Si tu as fait tous les gri-gri d'usage (lavage, graissage, vidange ...) ...

Si tu as un système sur un disque externe, tu peux essayer de booter dessus pour voir

Sinon, essaye de réinstaller uniquement la pref clavier avec Pacifist et sinon reinstallation complete avant d'aller au SAV, ça ressemble vraiment à un pb logiciel plutot que matériel ?

Courage


----------



## Pomme (4 Octobre 2005)

Merci pour les infos, je vais regarder un peu tout ça...


----------



## Pomme (4 Octobre 2005)

WERELDS a dit:
			
		

> Maintenant que vous le dites, je pense que seul le 17 pouces a cette fonction...
> 
> Voir le site Apple avec les caractéristiques des powerbook's .



C'est effectivement ce qui est précisé dans l'aide, mais MortyBlake a visiblement un 15' tout comme moi...c'est à n'y rien comprendre!


----------



## MortyBlake (4 Octobre 2005)

Pomme a dit:
			
		

> C'est effectivement ce qui est précisé dans l'aide, mais MortyBlake a visiblement un 15' tout comme moi...c'est à n'y rien comprendre!



Je confirme pas un pouce de plus, et ça marche Nickel.(15', acheté en 2004)


----------



## Fadasse (20 Juin 2008)

Alors Pomme ???
Qu'en est il de ton prob ????

J'ai aussi le même soucis que toi

Pourtant ça y était avant la barre et le curseur de réglage ! Mais maintenant y'a plus rien, nada, quedal, que faire ? Comment faire ??


----------



## Fadasse (22 Juin 2008)

Bon OK pour Pacifist, celui là au moins il se lance !

Et maintenant ???? 
Je me tape tous les paquets et sous paquets ????
Comment s'appelle le fichier prefs du clavier ? Dans quel paquet ou sous paquet ?
Il est livré en chronopost ou en recommandé sans AR ? 

Merci MortyBlake


----------



## Fadasse (22 Juin 2008)

Bon voilà !

J'ai fais un test matériel avec le disque d'installation > RIEN

Sinon j'ai trouvé ceci avec Pacifist : Contenu de OSInstall.mpkg/Contenu de EssentialSystemSoftware.mpkg/Contenu de Essentials.pkg/System/PreferencePanes/Keyboard.prefPane . J'ai donc fais un remplacement à l'emplacement d'origine > RIEN. Au cas où, j'ai même relancé le mac > RIEN.

En revanche, si je clique sur F9 ou F10 en plein jour, je n'ai pas le panneau de sens interdit :mouais:

Y'en a t-il un autre quelque part que j'aurais zappé ?


----------



## Fadasse (22 Juin 2008)

Ah ! J'oubliais !

J'ai aussi booté sur un DD externe sur lequel il y à 10.3.7 vierge de toute MàJ > RIEN

Là j'avoue être complètement dans le noir ... ( forcément puisque mon clavier ne s'éclaire plus ...  )


----------



## Fadasse (22 Juin 2008)

Voilà, je viens de réinstaller en tout neuf ma partition externe sans MàJ ... > toujours rien sur les préférences


----------



## MortyBlake (23 Juin 2008)

3 ans entre deux messages,

ça va pas vite par chez vous 

Juste une question, votre système, il vient d'où ? Car sur mes mac de bureau sans rétro éclairage, la préférences système s'arrête bien aux touches de fonctions, sur mon Powerbook 15" et mon MacBook pro, j'ai les lignes sur le rétro éclairage. c'est indépendant du système car j'ai des machines en 10.3, 10.4 et 10.5 et c'est kif-kif.


Peut-être que les deux sont différents selon le système installé.
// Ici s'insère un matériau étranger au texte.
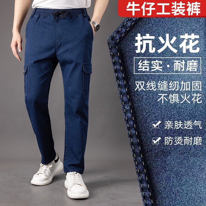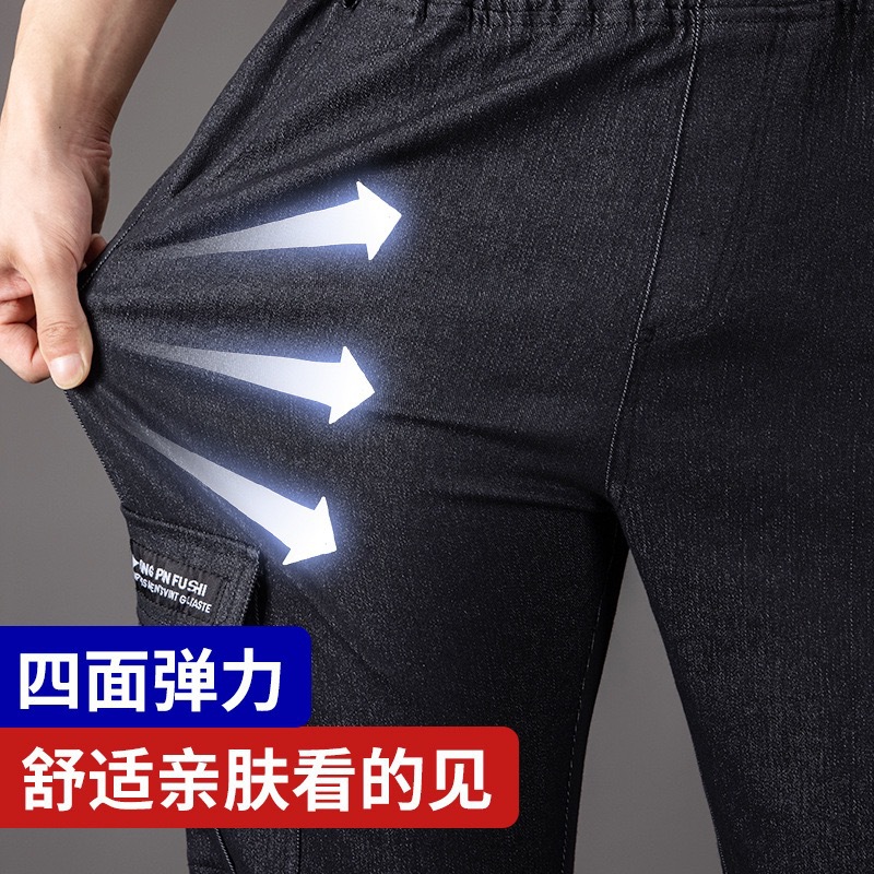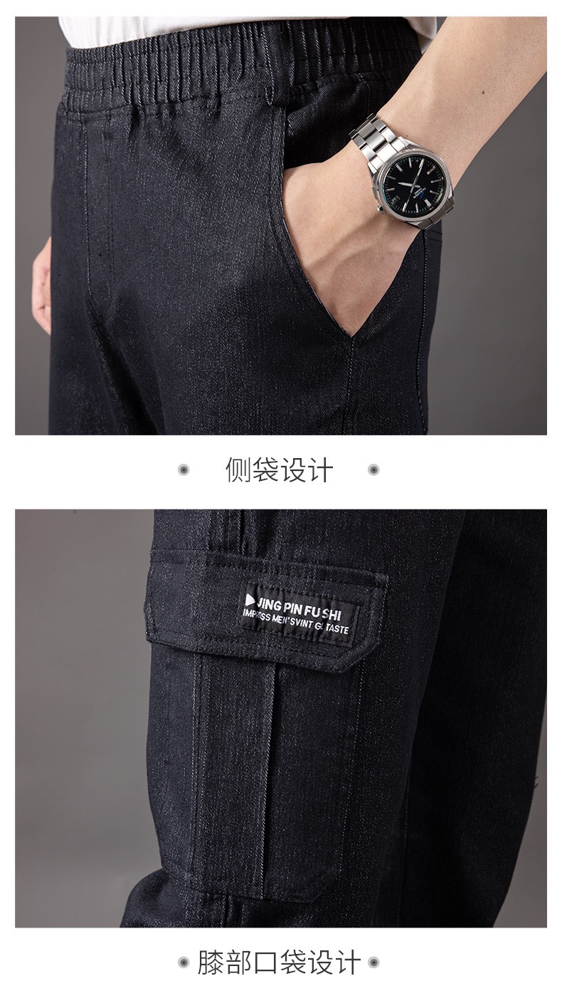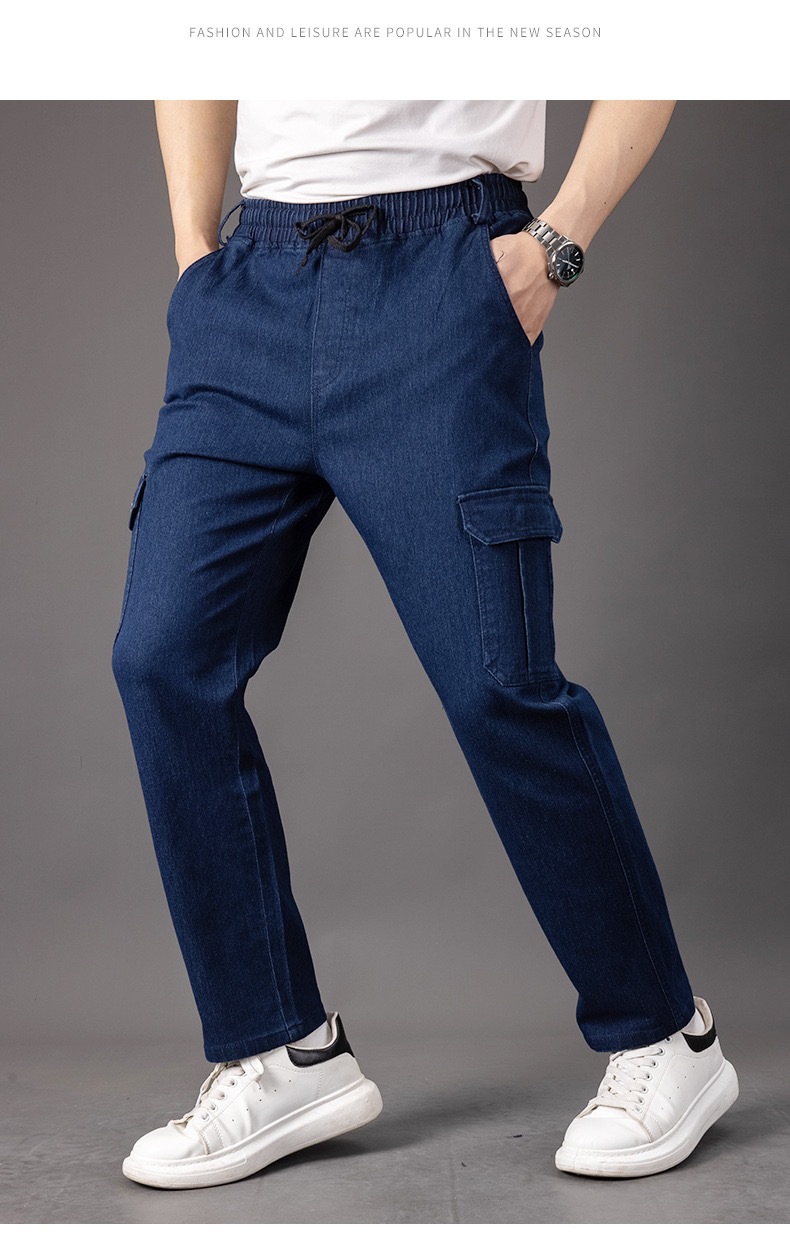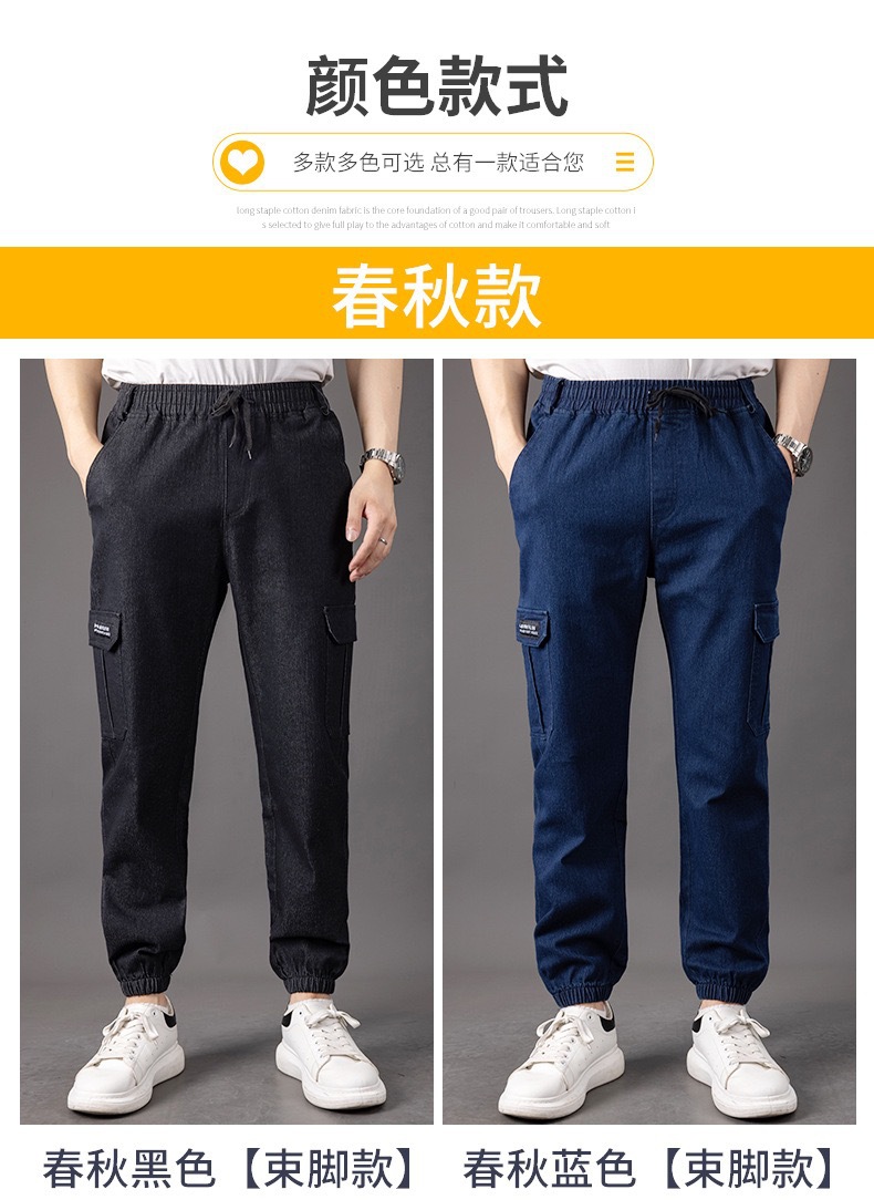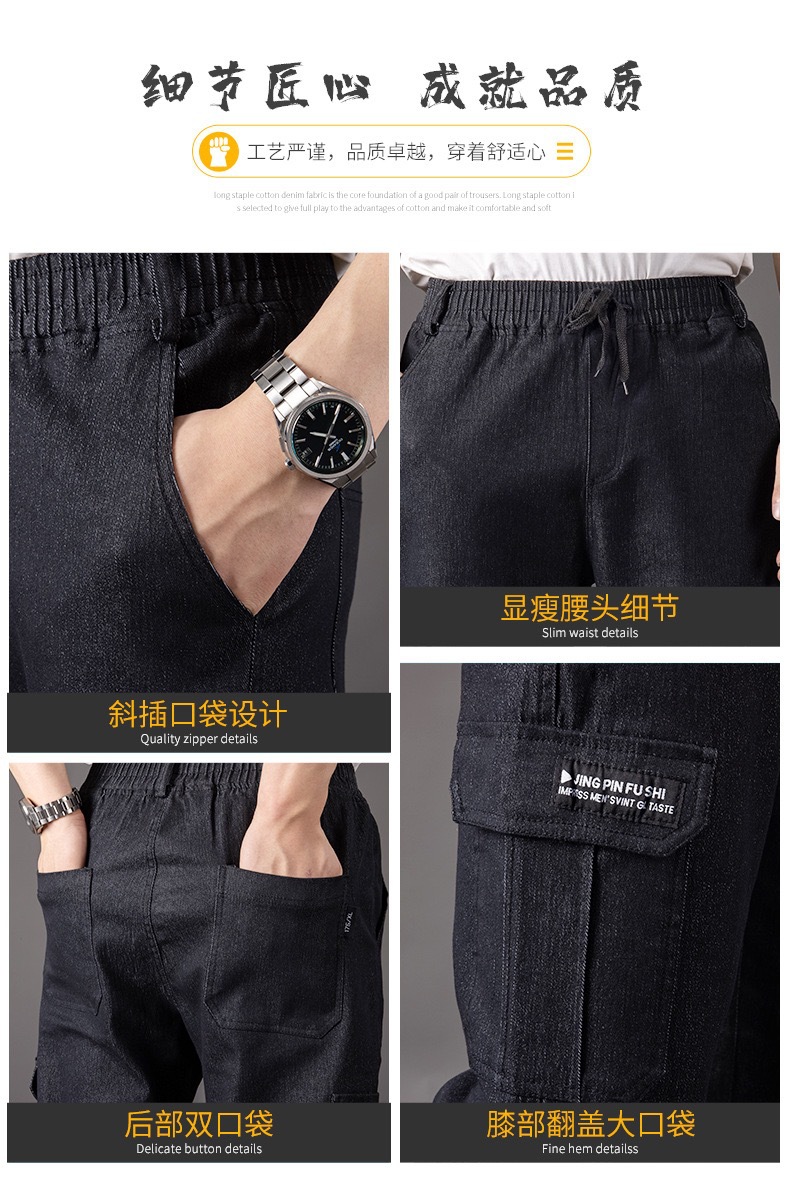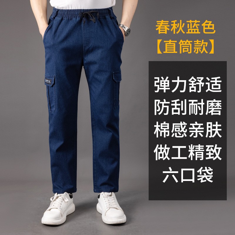 가을과 겨울 기모 남성용 캐주얼 바지 느슨한 스트레이트 플러스 사이즈 남성용 바지 번들 다리 스트레치 청바지 남성스토어 가기

Ceci dit ça me parait un peu foireux, mais je ne vois rien d'autre.

Ou alors c'est le système qui ne reconnait plus le clavier et qui le considère comme un clavier ordinaire. Essaie peut-être de brancher un clavier USB puis de le débrancher.





Fadasse a dit:


> Voilà, je viens de réinstaller en tout neuf ma partition externe sans MàJ ... > toujours rien sur les préférences


----------



## Fadasse (25 Juin 2008)

3 ans entre mes messages ??
Meuuhhh non !

Mon premier date du 20/06/08 et mon 5° qui est le dernier (sans compter celui ci bien sûr ;-) ) date du 22/06/08 (sur cette discussion en tout cas). Sinon il est vrai que je suis resté très (trop) longtemps coupé de la toile, déplacement pro oblige ... BREF

Mon système vient du disque d'origine livré avec la machine.

Je résume mes symptômes :
- Avant, j'avais bien la barre de réglage de luminosité du clavier comme la capture d'écran et mon écran s'allumait normalement. En plein jour j'avais aussi le sens interdit en appuyant sur  F10.
- Maintenant je n'ai plus d'éclairage, plus de barre de réglage ... et plus le sens interdit.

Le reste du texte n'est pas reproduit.